Seems normal. Father’s Day is coming up. But this was a huge internal debate, a huge decision to make. Jameson hadn’t spent any time with his father in almost a year. The phone calls and Facetime came pretty regularly at first, but then they tapered off. Sometimes he’d go a week without hearing from him, sometimes two or three. But never any physical face-to-face, one-on-one time together.

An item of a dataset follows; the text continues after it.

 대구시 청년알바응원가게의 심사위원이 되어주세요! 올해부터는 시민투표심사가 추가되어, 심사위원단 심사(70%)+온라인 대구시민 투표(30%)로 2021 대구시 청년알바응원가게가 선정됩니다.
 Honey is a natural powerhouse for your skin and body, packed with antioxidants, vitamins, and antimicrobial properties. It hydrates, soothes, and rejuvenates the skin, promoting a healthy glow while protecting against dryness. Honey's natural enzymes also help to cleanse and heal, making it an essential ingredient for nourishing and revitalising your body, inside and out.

For the first three years of my son’s life, it was hard for me to manage the anger I felt toward his father. When I first found out I was pregnant (his brother had re-heated hamburger meat and the smell made me vomit- I knew something was up), I was terrified. I was sick. I had just turned 21 and served tables at a Chinese bistro. I lived at home. I had stopped going to Community College a class away from my AA. But I crawled into his bed after I saw the positive test and he held me and rocked me and brought me orange juice and promised, promised he would make everything work. He would always be there. He wanted this more than I did.
Pregnancy was hard. I was violently ill all day every day. I finally took that math class to get my associate’s degree, and I still worked, running into the back to throw up in to-go bags in between tables. We opened a joint checking account and I put all my money into it to save up for a place of our own before the baby came. And then it was Opening Day for the Orioles, I was 9 months pregnant, and I was agitated because I couldn’t get ahold of Jordan for some reason. He promised he was working, but I just had that feeling. I went into the bathroom at work and pulled up our account activity on our phone, and threw up (for maybe the 100th time that day) when I saw that he had spent every single dollar that was in there on bar tabs over the last few weeks. He had spent $800 just that night, at Opening Day.

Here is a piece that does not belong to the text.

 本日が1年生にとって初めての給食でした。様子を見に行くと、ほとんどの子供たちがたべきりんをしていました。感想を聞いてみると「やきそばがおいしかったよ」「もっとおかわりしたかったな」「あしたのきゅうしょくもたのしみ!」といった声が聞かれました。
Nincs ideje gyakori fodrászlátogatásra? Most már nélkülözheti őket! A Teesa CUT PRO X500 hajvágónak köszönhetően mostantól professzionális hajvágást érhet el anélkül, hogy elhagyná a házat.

That was the foundation our child was born onto. When I went into labor, crying and writhing in our bed in the basement of his sister’s house, he took Advil PM to sleep through it. When I went to school all day to get my BA (Jamie was 4 weeks old), came home and nursed, and then went to work for the evening shift, he left the baby with his mother and went out to party. He’d swear he was working, too, but then our (my) money would be gone and I’d see pictures of him online. “I was just there getting you a cheesesteak and I guess someone took a picture of me walking behind the beer pong table.”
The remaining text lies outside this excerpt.